PROBLEM REQUIREMENTS: Copy, word for word, the lines of the listing below from the line with "Track your games, celebrate" up to and including the line with "Τε κλειστά |". Drop the pictures.

MATERIAL FOR THIS EXERCISE below:

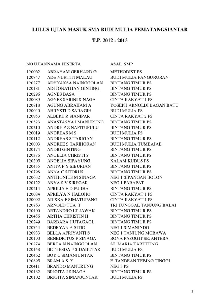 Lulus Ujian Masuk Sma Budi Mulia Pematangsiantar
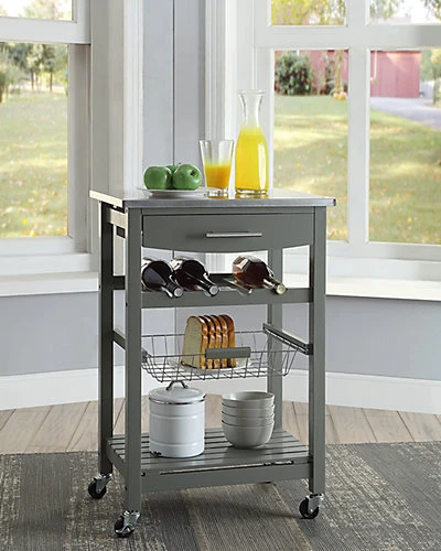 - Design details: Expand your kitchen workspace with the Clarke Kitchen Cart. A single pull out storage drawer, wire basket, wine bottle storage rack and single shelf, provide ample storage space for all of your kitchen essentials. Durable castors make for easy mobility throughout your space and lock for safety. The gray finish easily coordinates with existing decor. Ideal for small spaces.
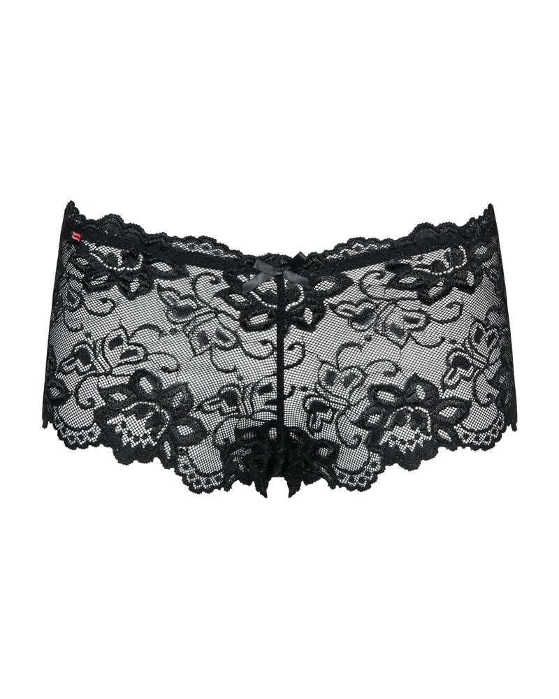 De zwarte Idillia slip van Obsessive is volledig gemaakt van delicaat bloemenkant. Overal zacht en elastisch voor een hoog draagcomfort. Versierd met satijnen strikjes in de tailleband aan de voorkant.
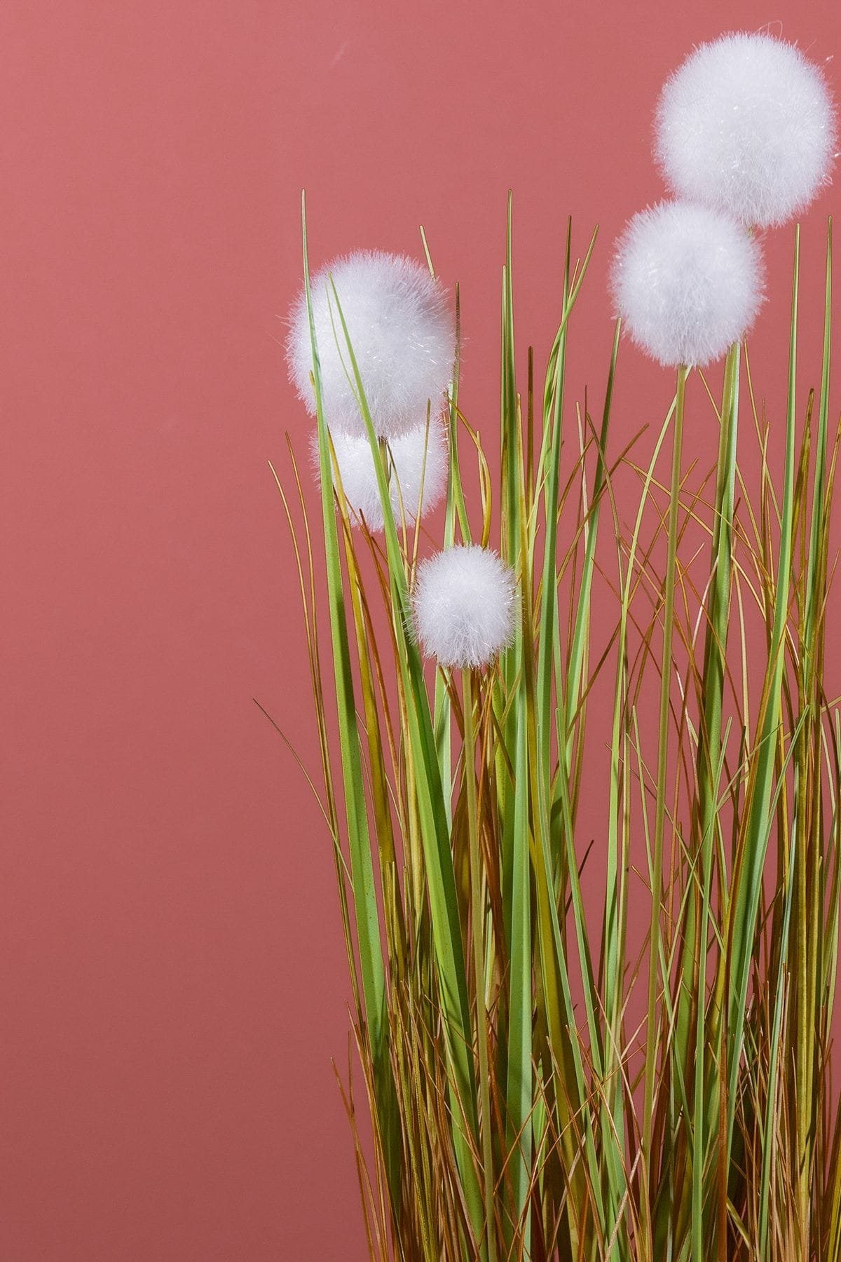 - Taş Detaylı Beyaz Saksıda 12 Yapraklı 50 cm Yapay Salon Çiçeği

End of MATERIAL FOR THIS EXERCISE.
MATERIAL FOR THIS EXERCISE below:

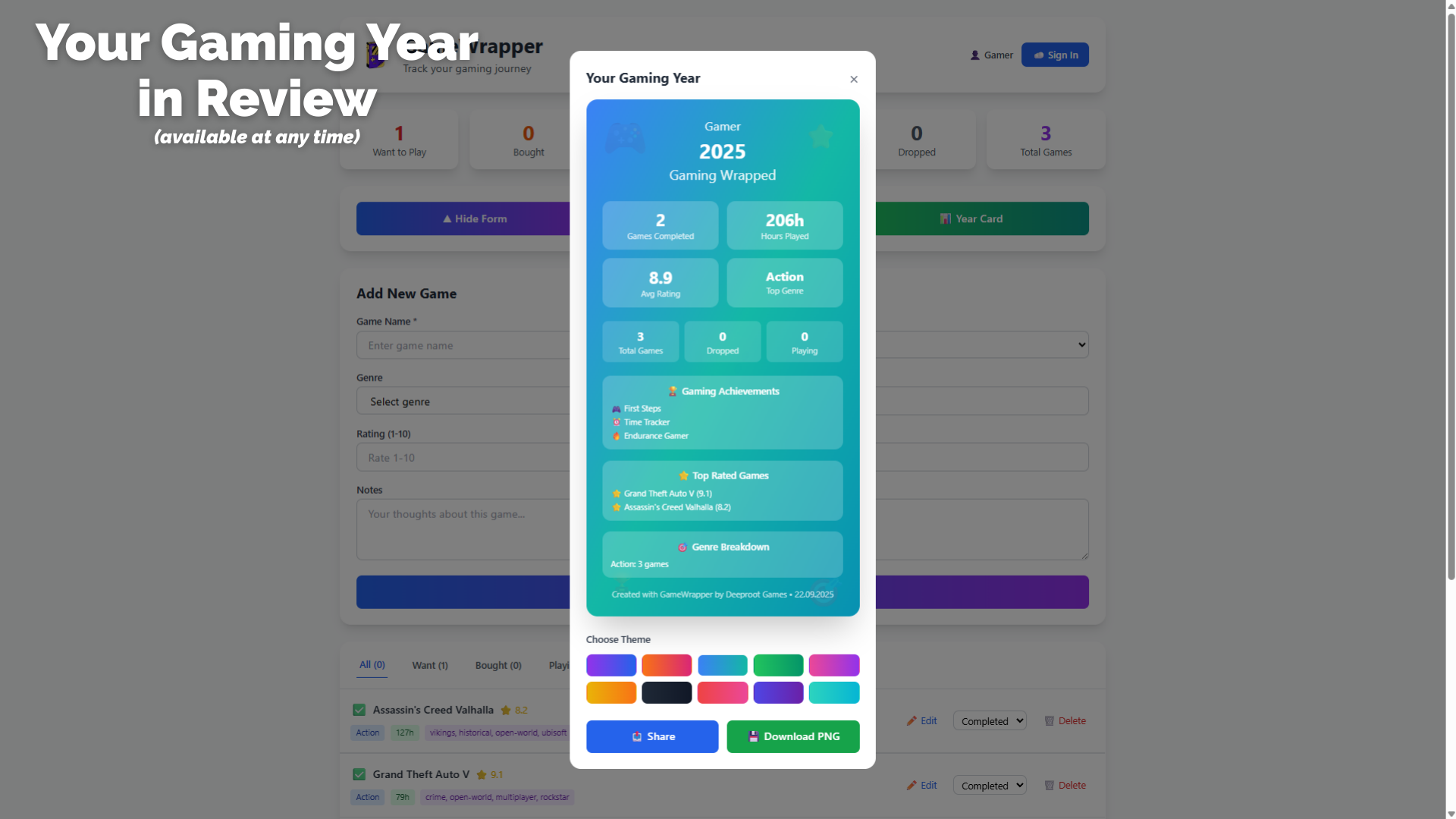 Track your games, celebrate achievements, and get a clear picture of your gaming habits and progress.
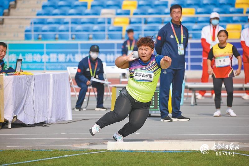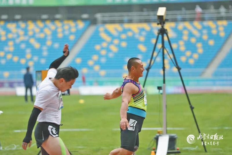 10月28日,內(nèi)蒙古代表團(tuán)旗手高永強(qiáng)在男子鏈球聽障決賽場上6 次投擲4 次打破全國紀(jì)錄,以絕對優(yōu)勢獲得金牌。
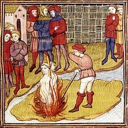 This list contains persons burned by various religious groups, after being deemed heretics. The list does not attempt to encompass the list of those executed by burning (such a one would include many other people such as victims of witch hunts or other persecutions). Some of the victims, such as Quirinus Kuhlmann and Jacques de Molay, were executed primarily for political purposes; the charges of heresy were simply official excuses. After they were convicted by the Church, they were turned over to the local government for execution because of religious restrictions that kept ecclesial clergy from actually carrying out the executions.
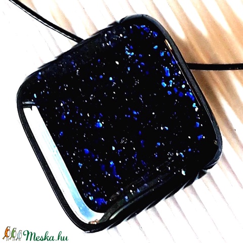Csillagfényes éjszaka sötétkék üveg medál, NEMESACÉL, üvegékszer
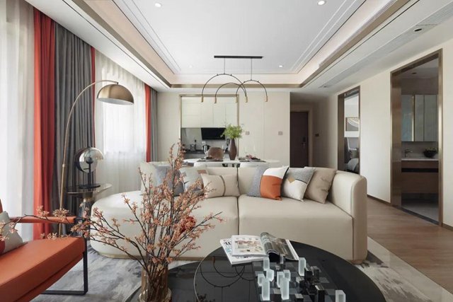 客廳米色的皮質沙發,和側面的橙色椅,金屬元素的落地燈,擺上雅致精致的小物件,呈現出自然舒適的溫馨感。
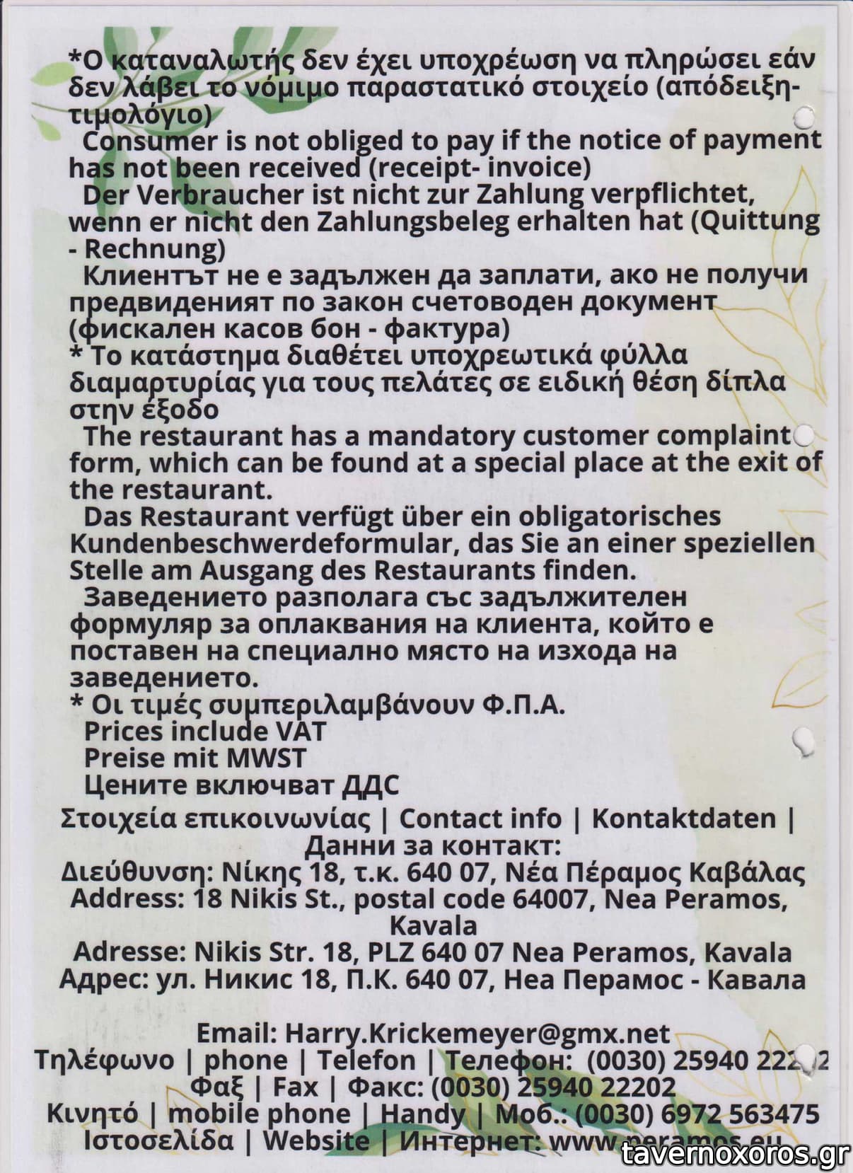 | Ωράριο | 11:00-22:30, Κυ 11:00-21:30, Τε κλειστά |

End of MATERIAL FOR THIS EXERCISE.

YOUR SOLUTION:
 Track your games, celebrate achievements, and get a clear picture of your gaming habits and progress.
 10月28日,內(nèi)蒙古代表團(tuán)旗手高永強(qiáng)在男子鏈球聽障決賽場上6 次投擲4 次打破全國紀(jì)錄,以絕對優(yōu)勢獲得金牌。
 This list contains persons burned by various religious groups, after being deemed heretics. The list does not attempt to encompass the list of those executed by burning (such a one would include many other people such as victims of witch hunts or other persecutions). Some of the victims, such as Quirinus Kuhlmann and Jacques de Molay, were executed primarily for political purposes; the charges of heresy were simply official excuses. After they were convicted by the Church, they were turned over to the local government for execution because of religious restrictions that kept ecclesial clergy from actually carrying out the executions.
Csillagfényes éjszaka sötétkék üveg medál, NEMESACÉL, üvegékszer
 客廳米色的皮質沙發,和側面的橙色椅,金屬元素的落地燈,擺上雅致精致的小物件,呈現出自然舒適的溫馨感。
 | Ωράριο | 11:00-22:30, Κυ 11:00-21:30, Τε κλειστά |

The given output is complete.